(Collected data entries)
*** Block opens ***
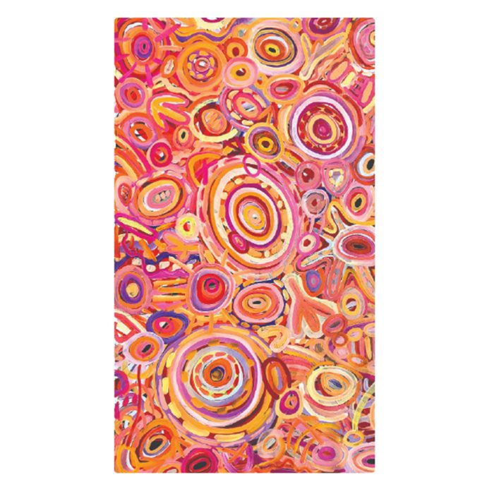 Red Sand Dunes is painted by Wiluna artist Dallas Harris. This design depicts dreamtime mother earth and the shifting sands of this remote outback reg
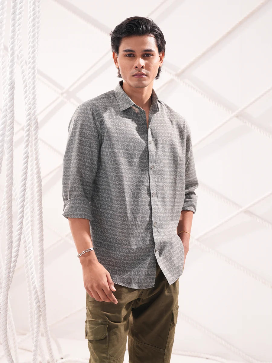 Elevate your casual wardrobe with this stylish grey printed shirt. Crafted from 100% cotton, it offers breathability and a soft hand feel enhanced by a garment-wash treatment for extra comfort. The subtle all-over geometric print adds a modern twist to a timeless classic. Designed with a button-down front, long sleeves, and a relaxed fit, this shirt transitions seamlessly from casual Fridays to weekend outings. Pair it with chinos or jeans for a smart yet easygoing look.
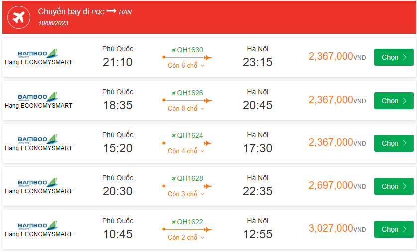 Bamboo Airways Phú Quốc Cất cánh: 15:20 Ngày: 10-06-2023 Hà Nội Hạ cánh: 17:30 Ngày: 10-06-2023 Chuyến bay: QH1624 giá vé máy bay 2,367,000VND
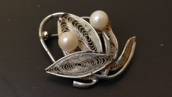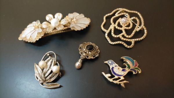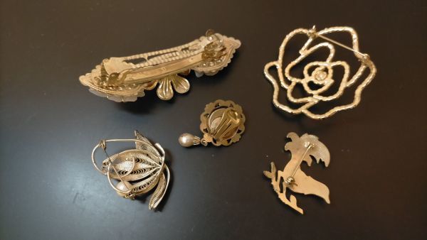 ブローチ3点、バレッタ1点、イヤリング1点の出品です。
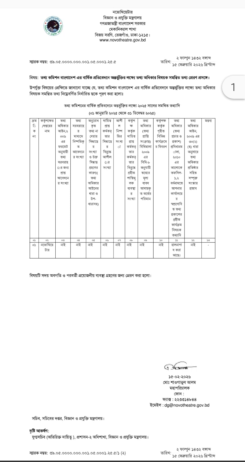 * তথ্য কমিশনের বার্ষিক প্রতিবেদনে অন্তর্ভূক্তির লক্ষ্যে ২০২৫ সালের সমন্বিত তথ্যাদি
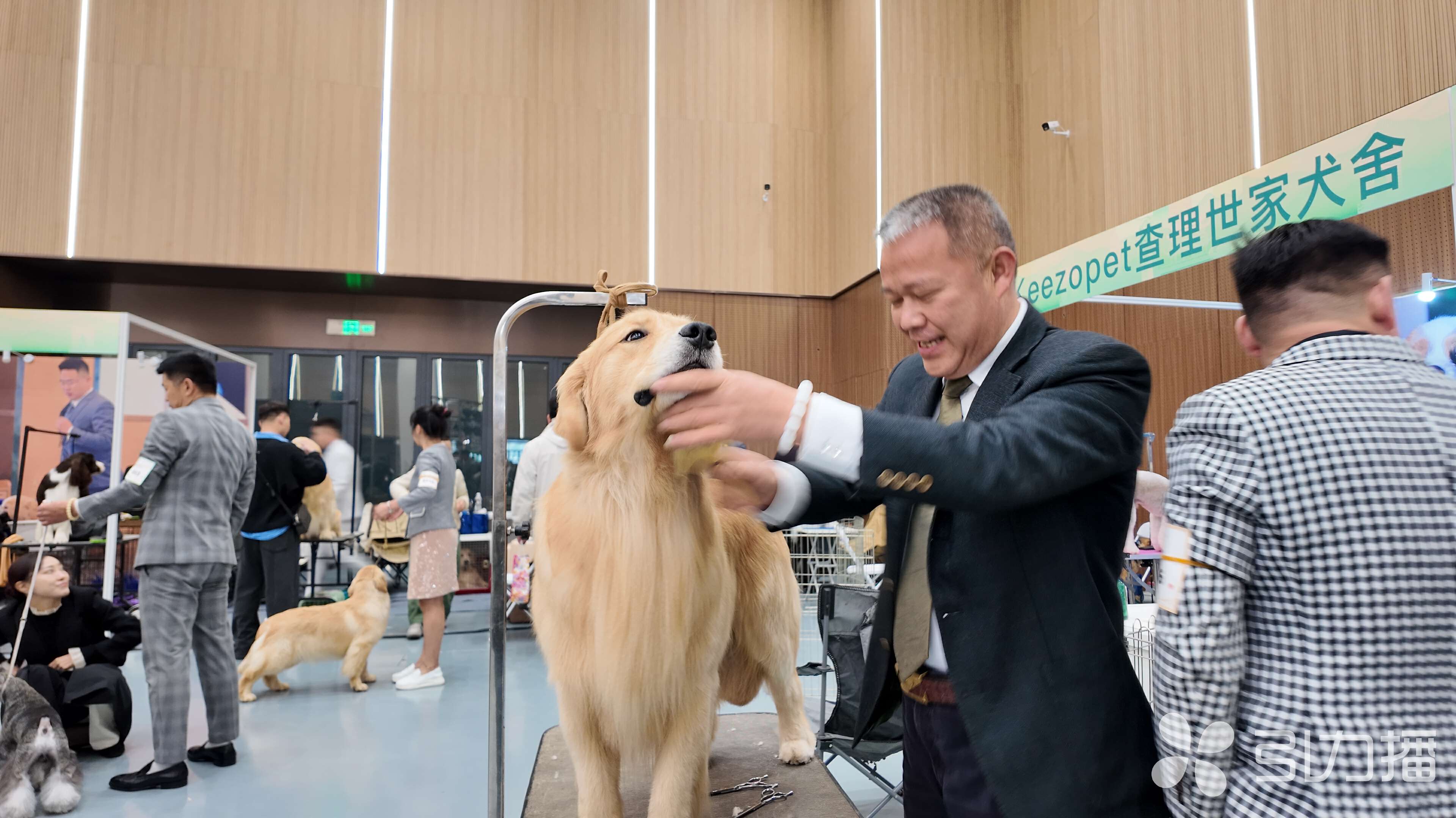 从宁波赶来参赛的朱先生,西装笔挺却有着细腻的心思,上场前亲自给金毛巡回猎犬麦克洗漱、修毛、做造型,“每次洗澡要花2小时,它就像我的孩子,为它付出我很开心。”养狗20多年的他,深刻感受到国内宠物友好氛围的提升,携宠出行有宠物友好酒店、乐园,逛超市有专属休息区,这份便捷让养宠更有幸福感。
*** Block closes ***
◆ Brief
The lines to copy begin at the one containing "Bamboo Airways Phú" and end at the last line of the records. Set down exactly those lines and no others, both ends included, and omit all pictures.

◆ Exercise result
 Bamboo Airways Phú Quốc Cất cánh: 15:20 Ngày: 10-06-2023 Hà Nội Hạ cánh: 17:30 Ngày: 10-06-2023 Chuyến bay: QH1624 giá vé máy bay 2,367,000VND
 ブローチ3点、バレッタ1点、イヤリング1点の出品です。
 * তথ্য কমিশনের বার্ষিক প্রতিবেদনে অন্তর্ভূক্তির লক্ষ্যে ২০২৫ সালের সমন্বিত তথ্যাদি
 从宁波赶来参赛的朱先生,西装笔挺却有着细腻的心思,上场前亲自给金毛巡回猎犬麦克洗漱、修毛、做造型,“每次洗澡要花2小时,它就像我的孩子,为它付出我很开心。”养狗20多年的他,深刻感受到国内宠物友好氛围的提升,携宠出行有宠物友好酒店、乐园,逛超市有专属休息区,这份便捷让养宠更有幸福感。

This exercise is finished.